Hay, im a newbie and still need more learn. I have several question, I'm trying to create a negative binomial regression model using the R and library(MASS). But i'm still confusing what sould I use glm (Y~X1+X2+X3+X4+X5+X6+X7, family=negative.binomial(theta), data, maxit) or glm.nb.
What is the difference between those two functions?
[some one said if we don’t know overdispersion parameter we can't use glm(), so glm.nb() is the option; and other person said, in glm.nb() theta is assumed theta=1].
Anotherhand, i am still confused about theta, in some discussion forum it said theta is an overdispersion parameter, but others said theta is a shape parameter for distribution and overdispersion is the same as k, as discussed in The R Book (Crawley 2007).
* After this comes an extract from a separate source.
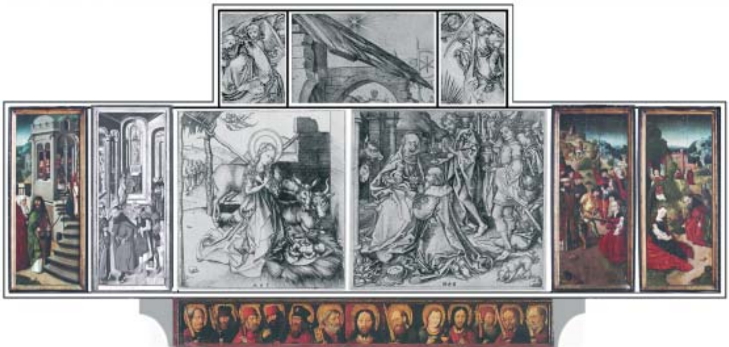
12. Wersja rekonstrukcji retabulum wróblewskiego z malowaną częścią środkową. W tym miejscu umieszczono sugerowane pierwowzory graficzne – ryciny Martina Schongauera: Narodziny Chrystusa , Pokłon Trzech Króli , Aniołowie . Ryciny pochodzą z: The Illustrated Bartsch 8 , vol. 6, (w:) Early German Artists , red. C. Hutchison, New York, 1980. Rekonstrukcję wykonała A. Ruskowska.

Trzech Króli przeważnie były połączone w obrębie jednej kwatery lub w części środkowej, przy czym Pokłon... zwykle zajmował większą powierzchnię obrazową niż Narodziny... i był wobec niego nadrzędny 66 . Predella, powtarzając charakter całości, była prawdopodobnie również malowana, a zwieńczenie polegałoby na uskokowo podniesionej górnej krawędzi części środkowej lub byłoby zawarte w obrębie tablicy. Od zwieńczenia uzależniona jest obecność mniejszych skrzydeł ulokowanych nad dolnymi kwatarami. Miałyby one bowiem rację bytu tylko wtedy, jeśli górna krawędź środkowej tablicy byłaby podwyższona na osi.

I have read a tutorial to negative binomial regression with R (but still for me not look that corect). In that tutorial, suggest to trial and error what theta value until Residual deviance equal to degrees of freedom with glm (Y~X1+X2+X3+X4+X5+X6+X7, family=negative.binomial(theta), data, maxit)
sorry for my bad english
Best Answer
The negative binomial model is a generalized linear model only when the overdispersion parameter theta is known. In applications, we don't know it, and it needs to be estimated along with the other parameters in the model.
glm(., family = negative.binomial(theta))
requires you to have a valuetheta
that you can supply.glm.nb()
fits the traditional negative binomial model where theta is estimated. The latter is the on you want; never use the former.Theta is not assumed to be 1 in
glm.nb()
, but it is initialized with an arbitrary value because the way model fitting works withglm.nb()
is that an initial guess of the parameter estimates is updated until convergence. The initial value can be supplied toinit.theta
, but there is no reason to do this in most cases.